Wiadomość wysłana przez: NNN w 12 Luty, 2019, 07:35

  Ciąg dalszy pytań do „Brata Króla”:
 
-  Jak podchodziłeś do sprawy wymierania ostatka, a później do przybywania osób z nadzieją niebiańską, po 2007 roku? Jak skomentujesz dzisiejszy stan ok. 19 000 pomazańców?
-  Czy dochodziło do spięć między Tobą a głosicielami - zborem?  Czy dochodziło do spięć między starszymi?  Czy wobec tego  nie masz poczucia, iż członkowie zborów, którzy są pomazańcami, są gorszym sortem od tych w Warwick?
-  Jak ci się układało życie prywatne? Miałeś żonę  i dzieci?  Masz ich nadal?

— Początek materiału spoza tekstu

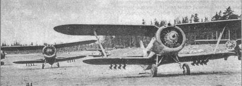 Основными самолетами советской штурмовой авиации накануне войны были И-15бис и И-153. На фото: “Чайки”, вооруженные РС-82, выруливают на старт

- Jak żona traktowała Twoją nadzieję niebiańską? Czy nie bała się, że w raju ją opuścisz, że już nie będziecie razem, bo ona na ziemi a ty w niebie? Dzielić Was będzie wielka przestrzeń. Wręcz ogrom przestworzy. Nie zazdrościła tym parom małżeńskim, których obydwoje partnerzy przeżyją Armagedon wraz z dziećmi i nadal będą tworzyć w raju kochającą się rodzinę? A jakbyście Wy obydwoje przeżyli Armagedon, nie byłoby żonie żal, że ją  musisz opuścić?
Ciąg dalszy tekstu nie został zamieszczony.